The first question we asked was “who managed paid social media programs?”  There is an ongoing competition within advertisers over whom should do this.  Should paid social media – buying ads on Facebook, Twitter, Linked In – be done in-house or by an external agency?  And if an external agency, is it the PR agency, the display agency, the paid search agency, etc.  The results of the poll question were these:

  • 57% of respondents say this is done in-house. This is a high percentage and is likely due to two factors. SMN audience can skew toward smaller companies who do not have the budgets to justify agencies expenditures.
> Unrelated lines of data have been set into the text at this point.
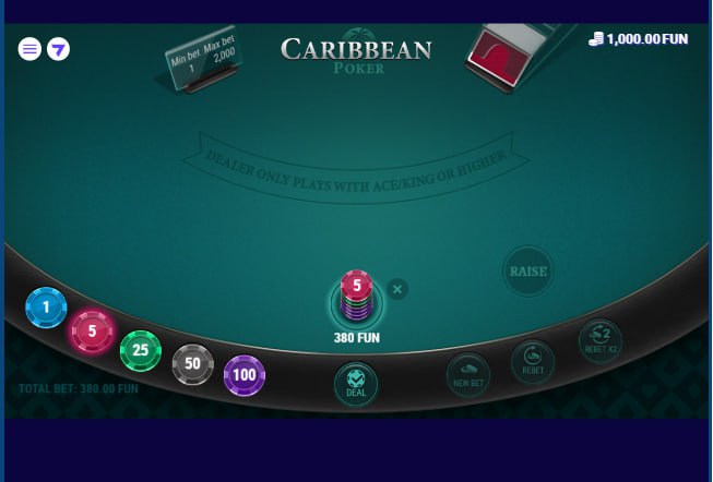 The visual presentation of Caribbean Poker is a study in minimalism and functionality. There are no elaborate thematic elements, animated characters, or distracting visual effects. The screen is dominated by a clean, deep green felt table, evocative of a professional poker room. The cards themselves are rendered in a classic, legible style, and the betting chips are clearly marked with their values. This spartan aesthetic is a deliberate choice, ensuring that the player's attention remains fixed on the cards and the strategic decision at hand. The design communicates respect for the game itself, presenting it without unnecessary adornment.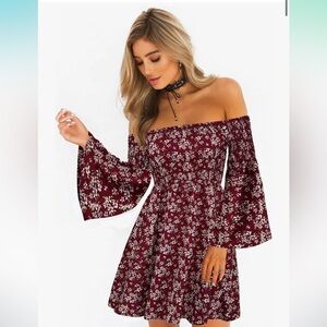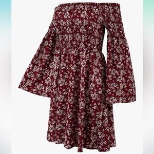Boho Flowy Floral Off the Shoulder Dress Medium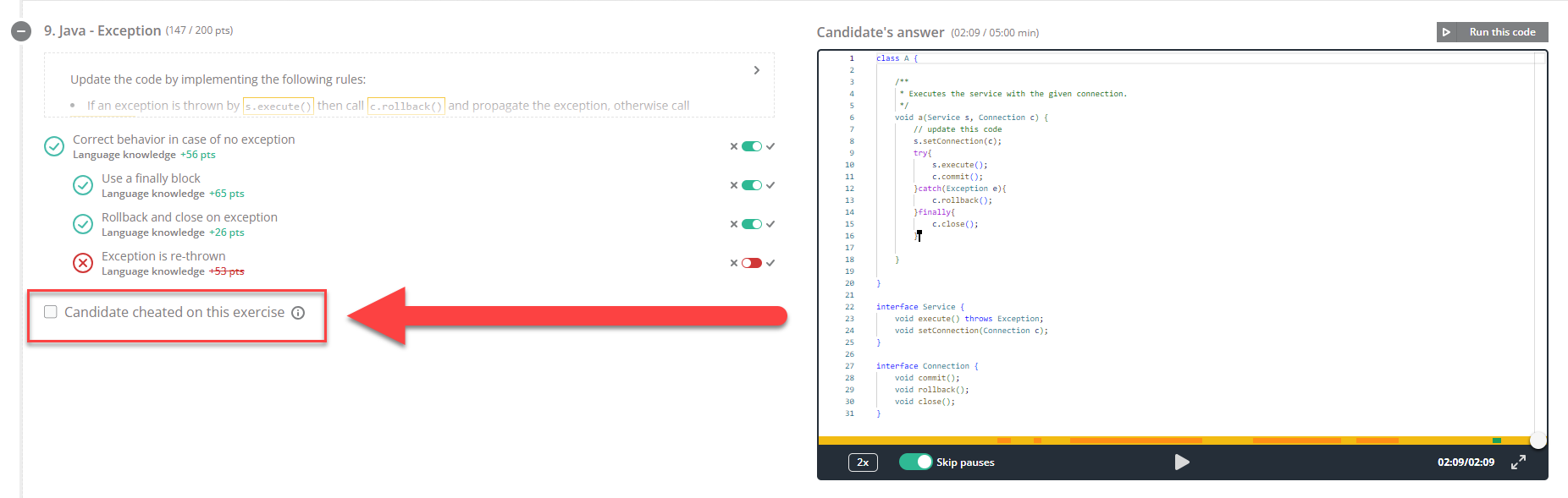 If you’ve made the determination that a candidate has cheated on a particular question, you can mark that by selecting the Candidate cheated on this exercise checkbox on the offending question.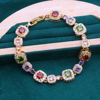 Thiết Kế Cổ Điển Phụ Nữ Bạc Màu Bracelet Xanh Trắng Multicollor Zircon Trang Sức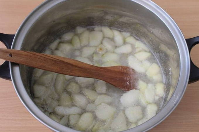 - Om de siroop te koken, giet je een beetje water in een pan, voeg je kristalsuiker en een in kleine stukjes gesneden peer toe - laat op laag vuur ongeveer 15 minuten sudderen na het koken (de suiker moet in siroop veranderen).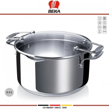 Кастрюля CHEF Pratique с крышкой-дуршлагом, 3.3 л, D 20 см, сталь нержавеющая 18/10, Beka
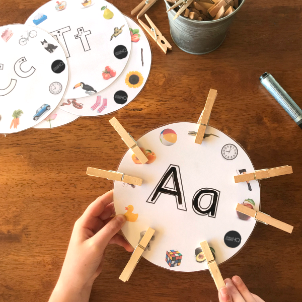 Add some clothes pegs to help build fine motor skills or counters to mark the correct sound.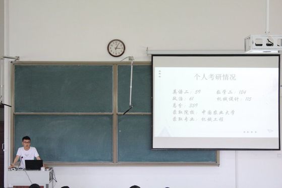 第一环节由宋立军老师为考研学生作动员,他指出当今社会越来越重视学位的含金量,举办考研动员大会是学院对考研工作的高度重视,同时他希望参加考研的同学认识到考研的重要性,提高自信心,规划好自己的目标,持之以恒。第二环节由2015级考研成功的张永辉、马昌武、陈笑天、杨莹攀、王方方五位同学向大家分享了自己一年以来的研究生感触以及当时的考研历程与经验。他们通过择校问题、学习计划向大家展开讨论,他们的建议是应结合自身实际情况,准确定位,报考合适的学校,专业的选择,切勿好高骛远。了解大概考试科目的框架,知道自己的强弱项,做历年真题查漏补缺。考研前将知识点再过一遍,知识点烂熟于心,做题巩固。第三环节由周新国教授介绍了我校考研情况,并从自身出发讲述了对考研的认识。强调了考研要有明确目标,坚定的决心,除此之外还需要有健康的身体以及稳定的心理素质。适当的给自己减压,劳逸结合。还分享了考研的一些小技巧,鼓励大家甩掉思想包袱,认真备考,全力以赴。第四环节由张永胜书记做总结,他希望虽然考研之路艰难而漫长,大家仍能不忘初心,砥砺前行,尽快端正态度,明确目标,用信心、恒心、决心和平常心来积极面对考研。
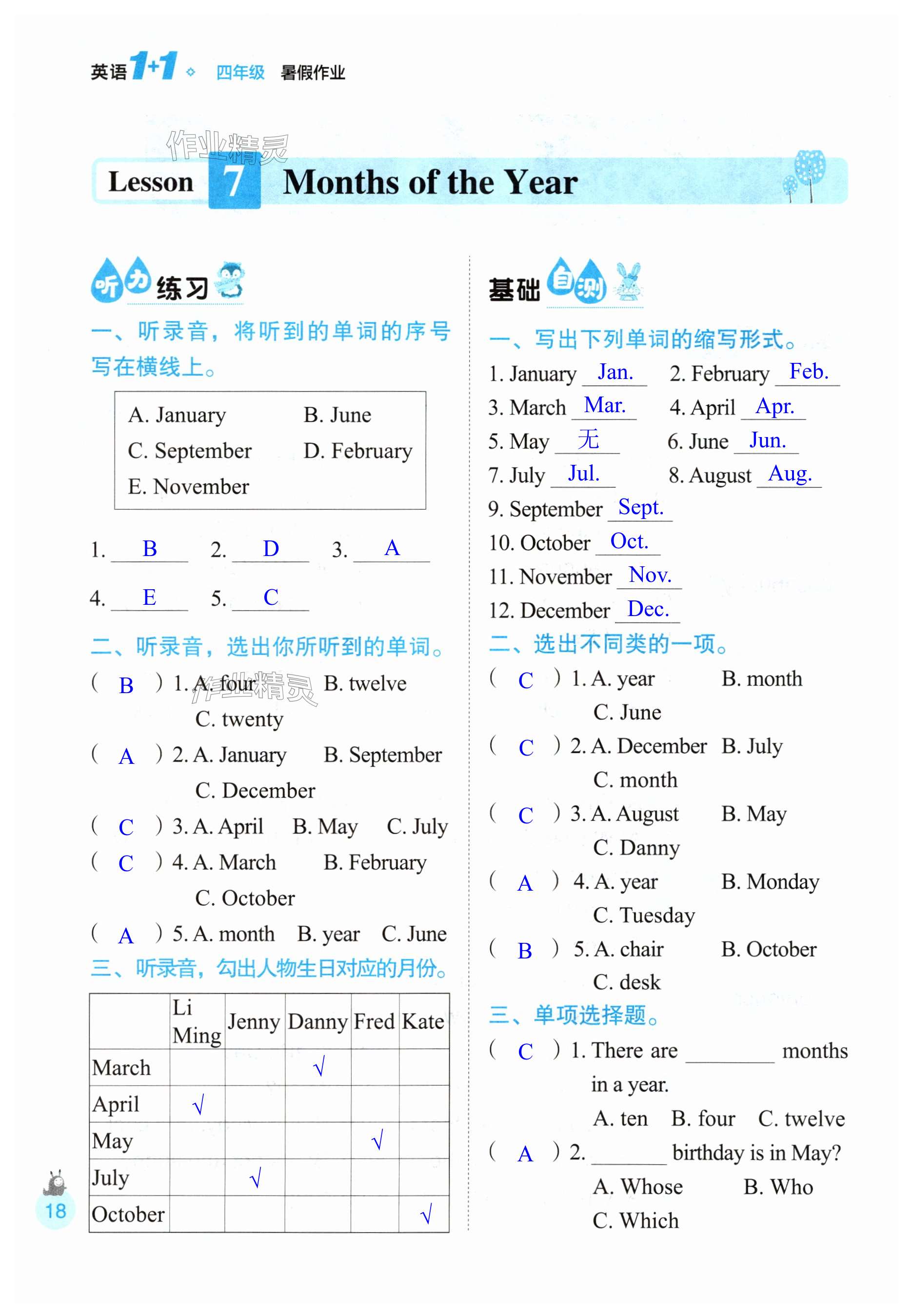 注:目前有些书本章节名称可能整理的还不是很完善,但都是按照顺序排列的,请同学们按照顺序仔细查找。练习册 2025年1+1暑假作业四年级英语 答案主要是用来给同学们做完题方便对答案用的,请勿直接抄袭。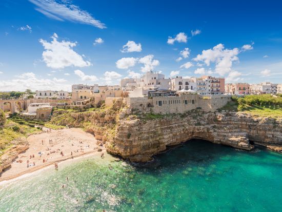 5° GIORNO Prima colazione in hotel. Intera giornata libera oppure si consiglia l’escursione guidata e giornaliera a Monopoli e Polignano a Mare (facoltativa circa € 60,00). Al mattino partenza per Monopoli, la città dalle cento Contrade e tempo dedicato alla visita del suo centro storico caratterizzato da piccole piazze, la Basilica Cattedrale, le chiese di S. Maria Amalfitana, S. Domenico e S. Pietro che si snodano in un labirinto di case. Sul porto si erge il Castello di Carlo V, intorno al quale resta viva l’arte di alcuni artigiani di costruire barche. Tempo libero a disposizione anche per fare acquisti di prodotti tipici quali le orecchiette, i latticini, le burrate etc. Pranzo libero. Proseguimento per Polignano a Mare antico borgo rurale marinaro che ha dato i natali a Domenico Modugno. Visiteremo il centro storico con la Chiesa di Matrice, la Chiesa di Sant’Antonio e il bel lungomare con la Statua dedicata al cantante Modugno. Tempo libero per passeggiare liberamente o per fare un bagno nelle limpide acque del mar Adriatico. Al termine rientro in hotel, cena e pernottamento.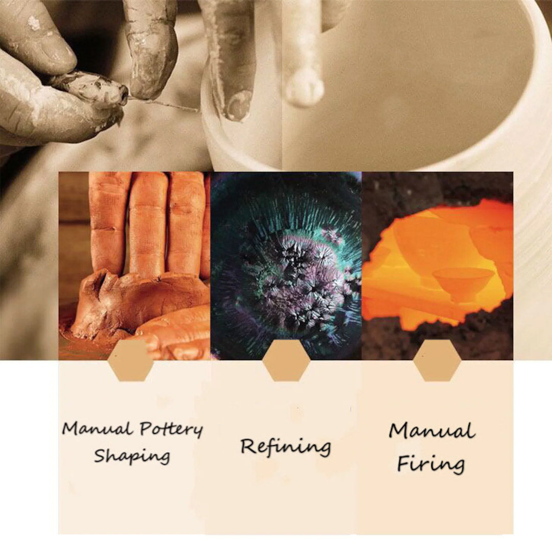 ** Due to the handmade and manual firing process, there can be slight differences in color (i.e. the coverage of the rustic area or the glaze) for individual cups.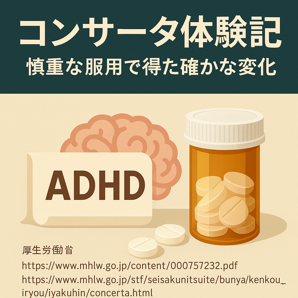 本記事では、筆者が処方薬「コンサータ(メチルフェニデート製剤)」を服用した際の体験をもとに、感じた変化や注意点を丁寧にまとめていきます。薬剤の効果には個人差があり、あくまで一例に過ぎません。治療方針や判断については必ず医師に相談してください。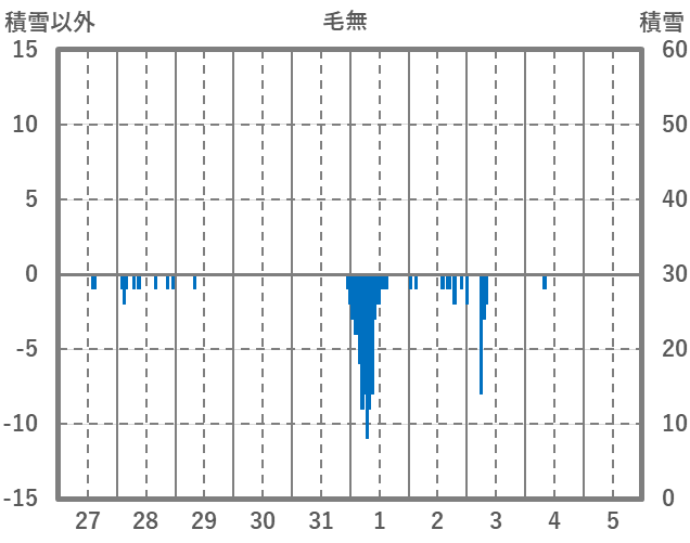 | 日 | 時 | 気温 | 降水 | 風向/風速 | 日照 | 積雪 | 降雪 |
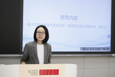 党委书记王丽以《设计为人民,艺术为时代》为题讲授“思政第一课”。她结合设计案例阐释“设计不仅是美学表达,更是社会责任的载体”,鼓励新生“将个人设计理想融入国家文化发展需求,让作品既有创意锋芒,更有民生温度”。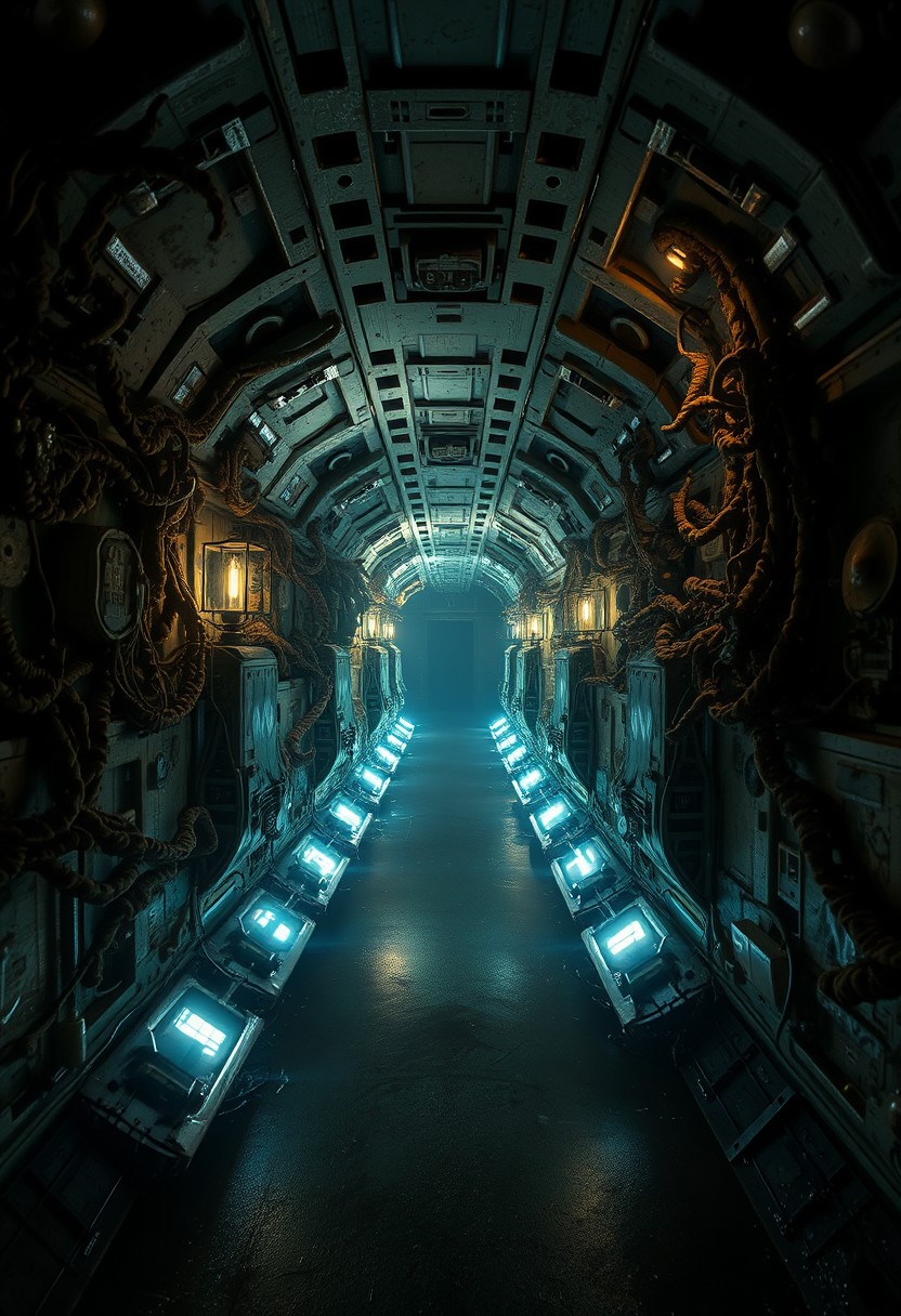 A terrifying corridor within a decaying spaceship, illuminated by a few flickering, weak lights. The walls are covered in strange, pulsating organic matter, and the air is filled with an eerie, low hum. The floor is slick with an unknown, dark substance, and the corridor seems to stretch endlessly into the darkness. There's an overwhelming sense of dread, as if the ship itself is alive and malevolent.

And social media is still relatively new and budgets are relatively small – so they may be managed by the social media team in-house.
  • Of those outsourcing to their agency, 24% are using their search agency.  This supports our hypothesis that Search Agencies will ultimately control the execution of the social media budgets – because media on social media platforms is very much like bid management on search.  It can all be done through the bid management system, it has similar dynamics from a metrics standpoint, and can be directly compared to the search programs from a performance standpoint.

Source:  Covario, Inc.  July 2011.

Second, we asked “from where does the budget for paid social media programs come?”.  Our goal was to see whether the budgets are independent, coming from search, coming from display, coming from PR, or other. The results here surprised us. Our hypothesis was that social media budgets were independent, and/or coming from the display budget. That is not what we saw.

  • 40% of the respondents said that budgets are independent. We thought the percentage would be higher. We have heard from our advertiser customers that in 2011, they were establishing specific social media budgets on masse – as opposed to last year where they were adjuncts to the search and display budgets or testing budgets. 40% is healthy, just a little lower than we expected.
  • 42% said that  the social media budgets are coming from their search budgets, and only 10% said the budgets are integrated into their display budget.  That was a big surprise.
  • PR budgets are tapped to support paid social media buying slightly less than PR budgets – 8%. Mobile is only 1% of the budget supply.

Source:  Covario, Inc.  July 2011.

This is a key issue. It means that search marketers are driving the execution of the programs and that the budgets for social media are either being integrated into the search budgets or are independent. If they are part of the search budget, then this puts search and social media performance in direct competition with each other and search marketers in the position of arbitrating where the spend will go. It also shows that our hypothesis that search marketers are winning the majority of the assignments in advertisers to run social media execution largely is coming to pass.

ACTIONABLE INSIGHT #1: Paid social media programs are managed in-house for 60% of the advertisers surveyed, however, if the programs are outsourced, they are outsourced to the search agency.

ACTIONABLE INSIGHT #2: The budgets to pay for paid social media programs increasingly are integrated into search budgets (putting them directly in competition with search performance) or are stand-alone independent budgets. They are NOT coming from display budgets, at least not in this survey.

ACTIONABLE INSIGHT #3: Search marketers need to focus on creating the integrated metrics and campaign tactics for managing paid search and paid social since the responsibility for allocating the integrated budgets is falling on them.